The sexual revolution of the 20th century has been the most extensive and far reaching of any other revolution preceding it. No other revolution in the history of the world has swept aside all other restraints, or counter revolutionary forces than has the sexual revolution. Mao's Communism was a dream held back by the will to make money; Hitler's nationalism, a force thwarted by his megalomania; Stalin's Russia by Russia's freezing winters and the desire for sanity and reason. Let us go back further: the British Empire was too big to rule over and too weak to control; not one empire in the whole history of the world has been able to weather the forces of change either from within or without. Women had to change. There was no other alternative but to bear the load of family life without husbands, sexual desire without men, and youth without marriage.
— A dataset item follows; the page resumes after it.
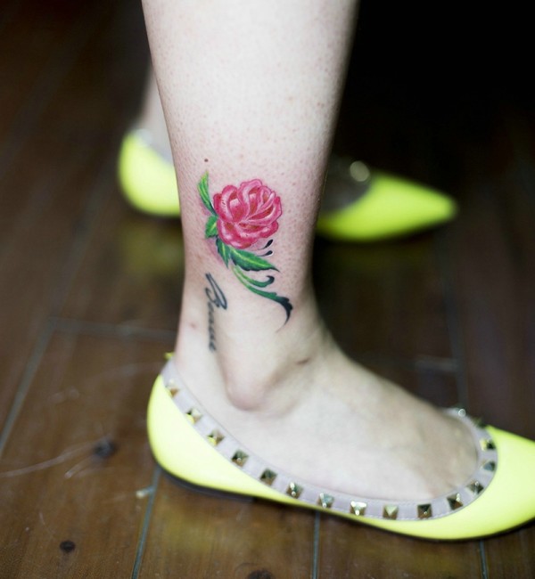 女生脚踝上的小清新花朵纹身图片
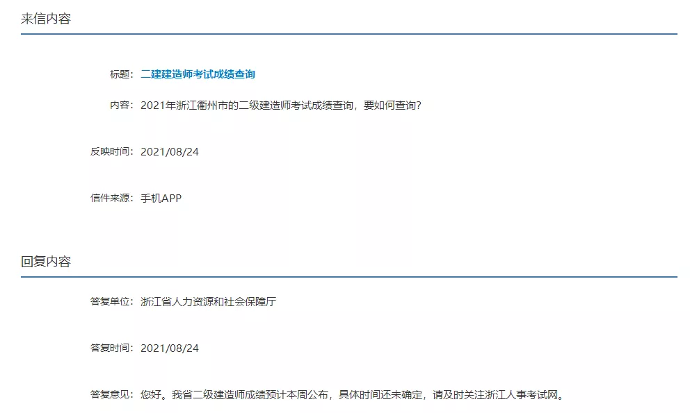 浙江省人力資源和社會(huì)保障廳網(wǎng)站回復(fù):您好,我省二級(jí)建造師成績(jī)預(yù)計(jì)本周公布,具體時(shí)間還未確定,請(qǐng)及時(shí)關(guān)注浙江人事考試網(wǎng)。

Who would have believed at the start of the 20th century that sexuality would sweep through all restraints and counter restraints of society? Women's liberation has had little to do with it. The sexual revolution has been accumulative and irrepressible because it has been spontaneous and unstoppable. The restraints of church and state were no longer adhered to as in the pre-war era; not only the Victorian era had collapsed, the British empire and the industrial revolution. Confidence in the Church of England and churches in general was lost because church and state had both sanctioned the war against the teachings of Christ and the unspeakable suffering, because the price of war was felt too deeply and too personally.

Against the reality of the biological imbalance, - the great post war imbalance of too many females and too few males, - 'family planning' and 'the pill' were prescribed by the state to counter the danger of polygamy on the one hand and single motherhood on the other, a policy that would further shrink the family and do nothing to increase the male population. Thus began the age of the nuclear family which foreshadowed the end of marriage as the foundation of society. For the past 100 years the trend towards sexual freedom and sexual aberrations such as homosexuality has been unstoppable.
Nevertheless, the biological problem remains as the biggest crisis of modern society because only marriage can ensure the care, safety and responsibility for children. Children are the future of any society, so their education, discipline and outlook is vitally important to prevent social upheaval, and the breakdown of values that keep society together.